“Yes,” he said slowly. “She is the perfect model for such a subject—body and soul.”
Lady Arabella ignored the sneer.
“Then why not ask her to sit for you?”
Quarrington’s brows drew together.
“You know the answer to that, I think, Lady Arabella,” he answered curtly.
“Oh, you men! I’ve no patience with you!” exclaimed the old lady testily. “I shall ask her, then!”
Gillian and Magda, laden with parcels, entered the room as she spoke, and, before Quarrington could prevent her, she had flashed round on her god-daughter.
“Magda, here’s Michael in need of a model for the best picture he’s ever likely to paint, and it seems you exactly fit the bill. Will you sit for him?”
Followed an astonished silence. Gillian glanced apprehensively towards Magda. She felt as though Lady Arabella had suddenly let off a firework in their midst. Magda halted in the process of unwrapping a small parcel.
“What is the subject of the picture?”
There was a perceptible pause. Then Lady Arabella took the bull by the horns.
“Circe,” she said tersely.
“Oh!” Magda seemed to reflect. “She turned men into swine, didn’t she?” She looked across at Quarrington. “And I’m to understand you think I’d make a suitable model for that particular subject?”
“She was a very beautiful person,” suggested Gillian hastily.
“Mr. Quarrington hasn’t answered my question,” persisted Magda.
He met her glance with cool defiance.
“Then, yes,” he returned with a little bow. “As Mrs. Grey has just remarked—Circle was very beautiful.”
“You score,” observed Magda demurely. There was a glint of amusement in her eyes.

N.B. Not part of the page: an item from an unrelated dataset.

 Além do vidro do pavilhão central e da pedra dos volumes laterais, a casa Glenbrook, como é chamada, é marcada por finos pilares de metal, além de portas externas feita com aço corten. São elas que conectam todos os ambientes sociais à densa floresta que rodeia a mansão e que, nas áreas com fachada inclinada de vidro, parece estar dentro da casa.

“Yes, I think he does,” agreed Lady Arabella, who was deriving an impish, pixie-like enjoyment from the situation. Then, recognising that it might be more diplomatic not to press the matter any further at the moment, she skilfully drew the conversation into other channels.
It was not until evening, after dinner, that she reverted to the subject. They had all four been partaking of coffee and cigarettes on the verandah, and subsequently she had proposed a stroll in the garden—a suggestion to which Gillian responded with alacrity. Magda, her slim length extended on a comfortably cushioned wicker lunge, shook her head.
“I’m too comfortable to stir,” she declared idly.
Lady Arabella paused at the edge of the verandah and contemplated her critically. Something in the girl’s pose and in the long, lithe lines of her recumbent figure was responsible for her next remark.
“I can see you as Circe,” she commented, “quite well.” She tucked her arm into Gillian’s and, as they moved away together, threw back over her shoulder: “By the way, have you two settled the vexed question of the model for the picture yet?”
Quarrington blew a thin stream of smoke into the air before replying. Then, looking quizzically across at Magda, he asked: “Have we?”